== What is required ==
Using the records below, write out only the lines from the line containing "Fototapeta premium Abstract" up to and including the line containing "- Each end features", exactly, with no pictures.

== Given entries ==
============

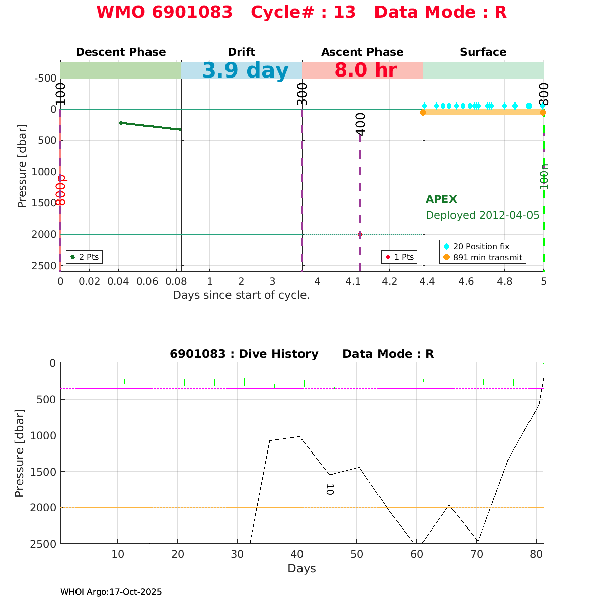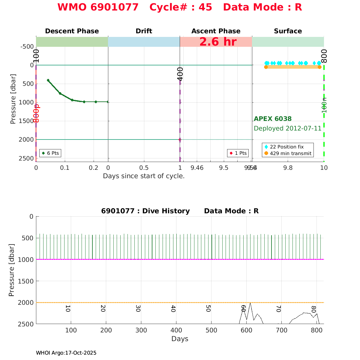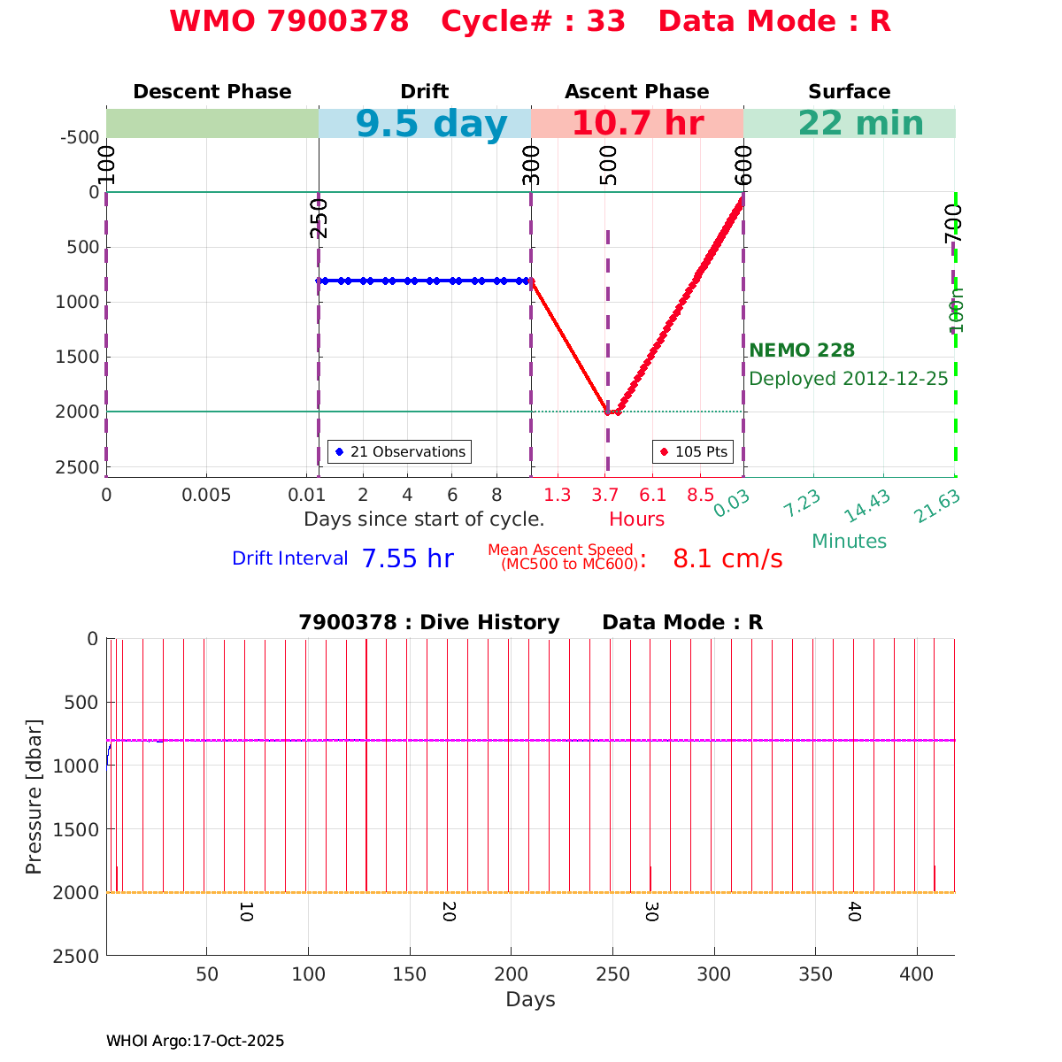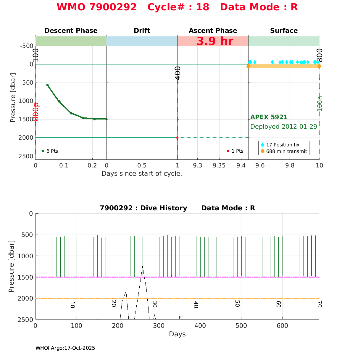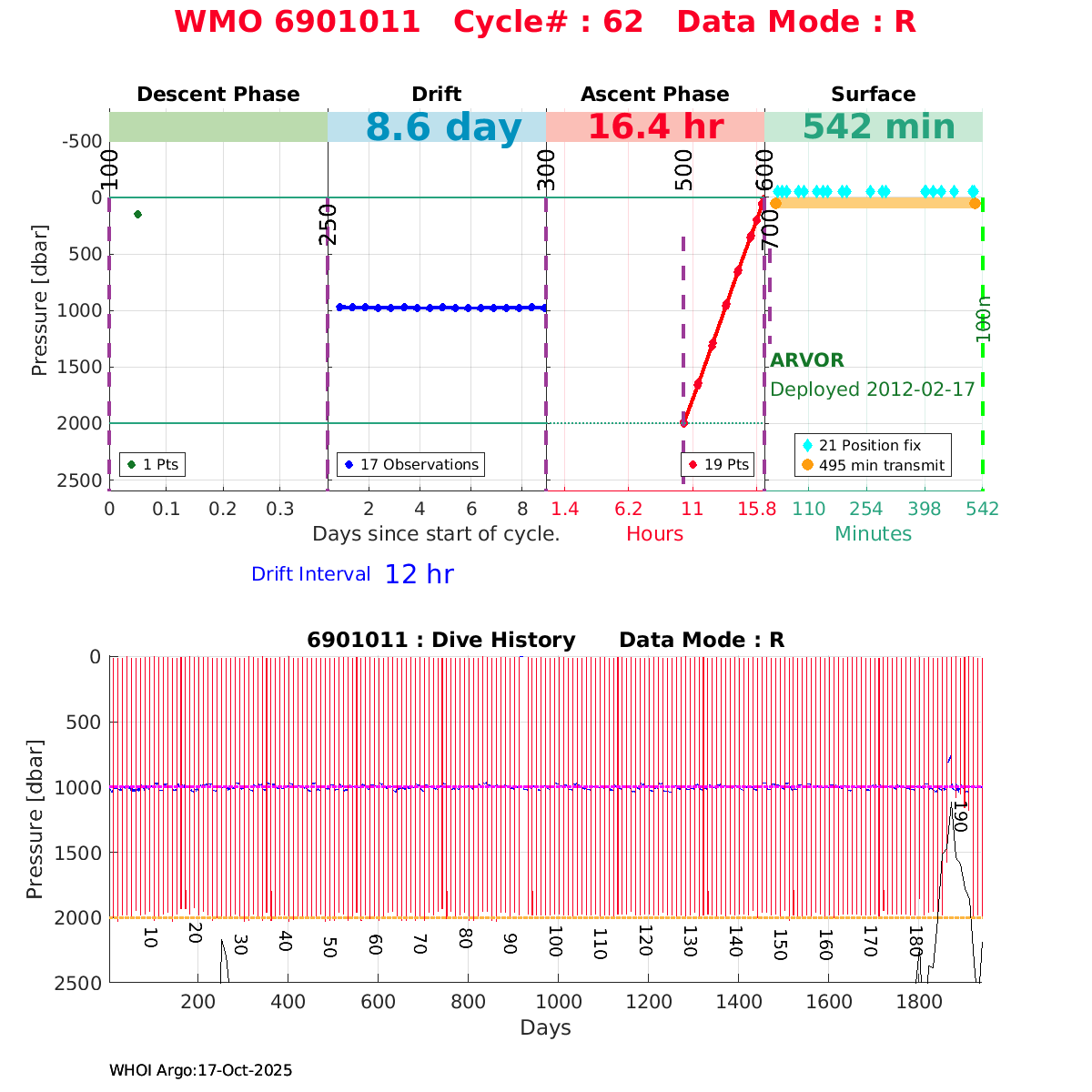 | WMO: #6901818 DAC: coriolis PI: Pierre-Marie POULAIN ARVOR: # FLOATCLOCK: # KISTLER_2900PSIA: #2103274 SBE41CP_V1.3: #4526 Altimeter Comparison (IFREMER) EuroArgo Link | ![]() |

============

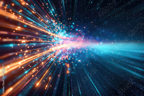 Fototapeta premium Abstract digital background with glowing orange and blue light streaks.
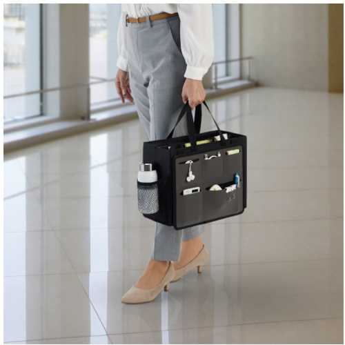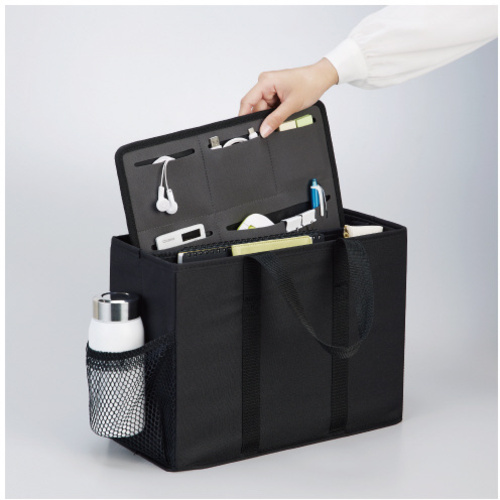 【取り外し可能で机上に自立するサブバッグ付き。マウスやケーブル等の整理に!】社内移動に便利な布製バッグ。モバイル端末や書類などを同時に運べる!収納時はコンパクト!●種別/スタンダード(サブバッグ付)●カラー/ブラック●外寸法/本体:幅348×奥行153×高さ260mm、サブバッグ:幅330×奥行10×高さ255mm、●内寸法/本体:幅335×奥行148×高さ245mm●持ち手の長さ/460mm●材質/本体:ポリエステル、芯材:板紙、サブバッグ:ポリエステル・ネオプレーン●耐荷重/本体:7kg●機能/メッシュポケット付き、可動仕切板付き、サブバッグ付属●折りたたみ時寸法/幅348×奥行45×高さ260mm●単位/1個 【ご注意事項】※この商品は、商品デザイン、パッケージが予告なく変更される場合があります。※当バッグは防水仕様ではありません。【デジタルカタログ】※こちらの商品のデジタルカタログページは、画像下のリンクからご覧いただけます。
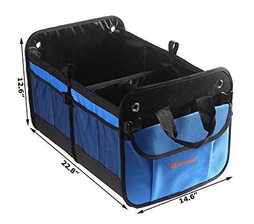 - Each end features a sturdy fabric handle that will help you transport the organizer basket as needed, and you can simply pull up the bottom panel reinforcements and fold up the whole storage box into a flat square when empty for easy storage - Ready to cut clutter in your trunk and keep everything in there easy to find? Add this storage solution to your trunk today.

============

== Result of the task ==
 Fototapeta premium Abstract digital background with glowing orange and blue light streaks.
 【取り外し可能で机上に自立するサブバッグ付き。マウスやケーブル等の整理に!】社内移動に便利な布製バッグ。モバイル端末や書類などを同時に運べる!収納時はコンパクト!●種別/スタンダード(サブバッグ付)●カラー/ブラック●外寸法/本体:幅348×奥行153×高さ260mm、サブバッグ:幅330×奥行10×高さ255mm、●内寸法/本体:幅335×奥行148×高さ245mm●持ち手の長さ/460mm●材質/本体:ポリエステル、芯材:板紙、サブバッグ:ポリエステル・ネオプレーン●耐荷重/本体:7kg●機能/メッシュポケット付き、可動仕切板付き、サブバッグ付属●折りたたみ時寸法/幅348×奥行45×高さ260mm●単位/1個 【ご注意事項】※この商品は、商品デザイン、パッケージが予告なく変更される場合があります。※当バッグは防水仕様ではありません。【デジタルカタログ】※こちらの商品のデジタルカタログページは、画像下のリンクからご覧いただけます。
 - Each end features a sturdy fabric handle that will help you transport the organizer basket as needed, and you can simply pull up the bottom panel reinforcements and fold up the whole storage box into a flat square when empty for easy storage - Ready to cut clutter in your trunk and keep everything in there easy to find? Add this storage solution to your trunk today.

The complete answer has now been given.